Emily Parker

Personal information
- Full name: Emily Jane Parker
- Born: 11 August 2004 (age 21)

Sport
- Sport: Athletics
- Event(s): Middle-distance running, Steeplechase

Achievements and titles
- Personal best(s): 1500m: 4:09.63 (Loughborough, 2025) 3000m: 9:06.89 (Loughborough, 2025) 5000m: 15:33.85 (Birmingham, 2025) 3000m Steeplechase: 9:45.64 (Bergen, 2025) Marathon: 3:03:07 (Valencia, 2025)

Medal record
Women's athletics
Representing Great Britain
Summer World University Games
| Bronze medal – third place | 2025 Bochum | 5000 m |

= Emily Parker (runner) =

British long-distance runner (born 2004)

Emily Jane Parker (born 11 August 2004) is a British middle- and long-distance runner and steeplechaser.

==Biography==
Parker is from Dorset, and is a member of Poole Athletics Club. In May 2025, she won the 3000 metres competing for Team England at the Loughborough International in a personal best time of 9:06.89. She ran a 4:09.63 personal best for the 1500 metres at the British Milers Grand Prix in June 2025, finishing ahead of Holly Dixon and Lyla Belshaw.

She was named in the British team for the 2025 European Athletics U23 Championships in Bergen, Norway and placed fifth in the final of the 3000 metres steeplechase.

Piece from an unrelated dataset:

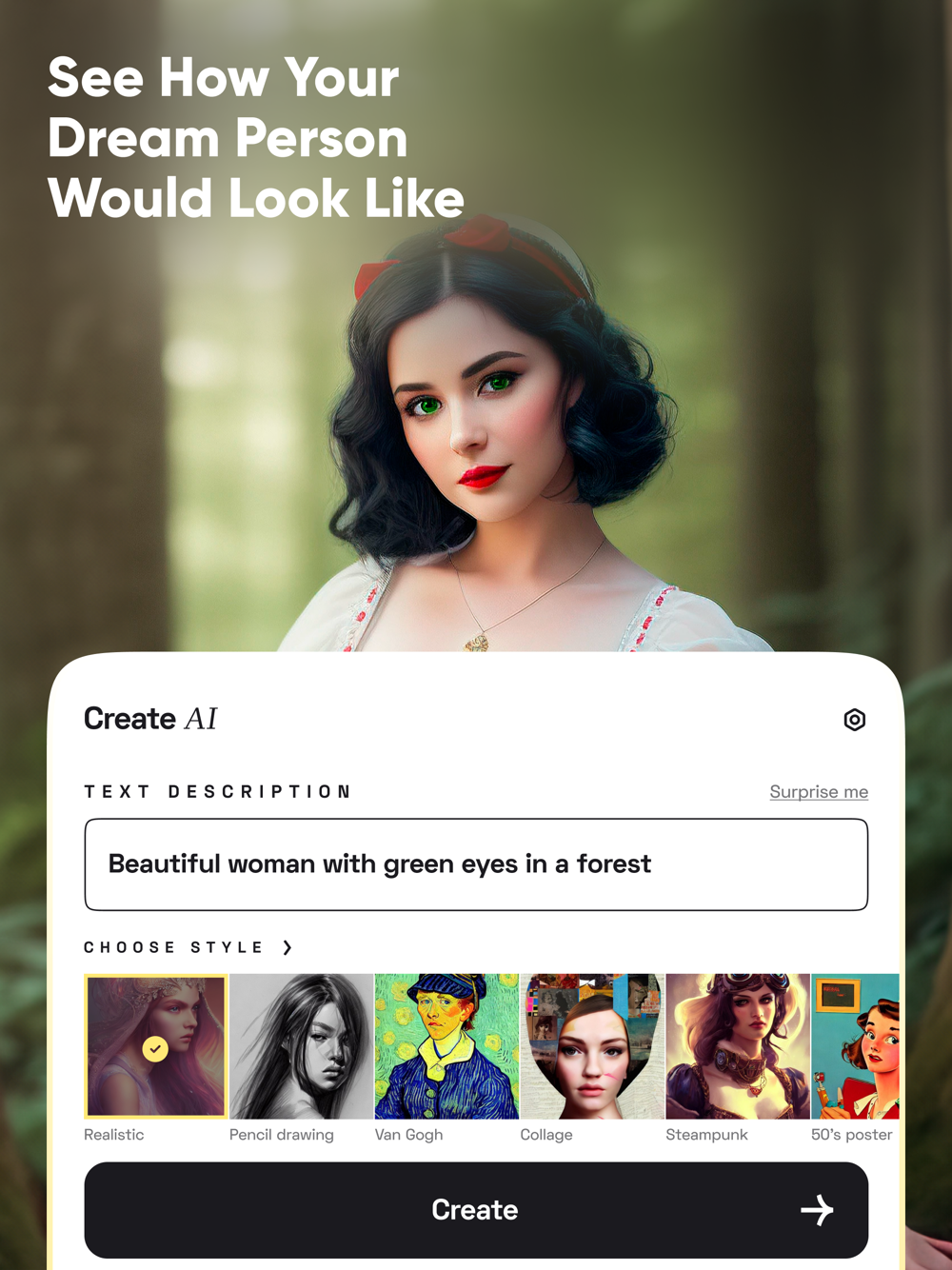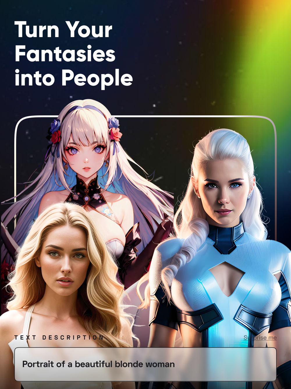 Choose gender, pick a style from hyper-realism to cyber-punk and fantasy, add details by specifying your prompt, and VOILA! – your dream person’s pic is ready!

She was named in the British team for the 2025 Summer World University Games in Germany, where she won the bronze medal in the women's
5000 metres. On 2 August, she placed fourth in the final of the 3000 metres steeplechase at the 2025 UK Athletics Championships in Birmingham in 9:47.76.

Parker was runner-up in the under-23 race at the Liverpool Cross Challenge on 22 November 2025, finishing behind Megan Harris. She was selected as part of the British team for the under-23 race at the 2025 European Cross Country Championships, placing 13th as the highest British finisher as the British team placed fifth overall. Parker won the 3000 metres race at the British Universities & Colleges Sport (BUCS) Indoor Championships in February 2026. The following month, she placed second at the BUCS Cross-Country Championships in Leicestershire, also winning a team gold medal with Loughborough University.

==Personal life==
She studied at Loughborough University.